Odin James (Phifer) is the Othello stand-in here. Nicknamed O, he’s a gifted basketball player and the only African-American student at a prestigious prep school in the South. His Desdemona is longtime steady Desi (Stiles), a popular fellow classmate whose father (John Heard) is the dean of students. The scheming Iago is O’s best friend and teammate Hugo (Hartnett), who maneuvers Odin into thinking that Desi is cheating on him. Hugo’s motivation? He is jealous of O’s feats on the court and the high regard in which Odin is held by their basketball coach (Martin Sheen), who is also Hugo’s father.

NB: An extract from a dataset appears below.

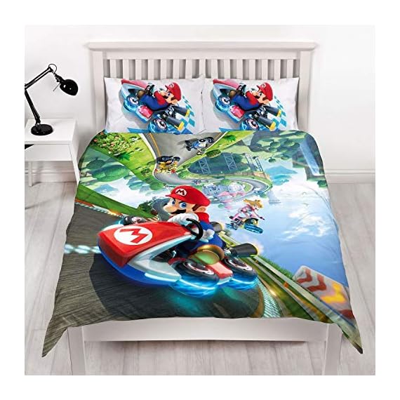 Super Mario Kart Nintendo Housse de Couette Double réversible avec taie d’oreiller Assortie Multicolore

Deftly directed by Tim Blake Nelson (Eye of God) and adapted by Brad Kaaya, O succeeds as a thoughtful drama dealing with contemporary issues of race, sex and even performance-enhancing steroids (Hugo is covertly taking them), and as a provocative reinterpretation of one of Shakespeare’s greatest tragedies. Phifer ably shows the corrosive effects of jealousy, while Stiles demonstrates yet again the glowing naturalness that makes her one of today’s most appealing young stars. Hartnett, in O’s trickiest role, manages to show the hurt behind his villainy. (R)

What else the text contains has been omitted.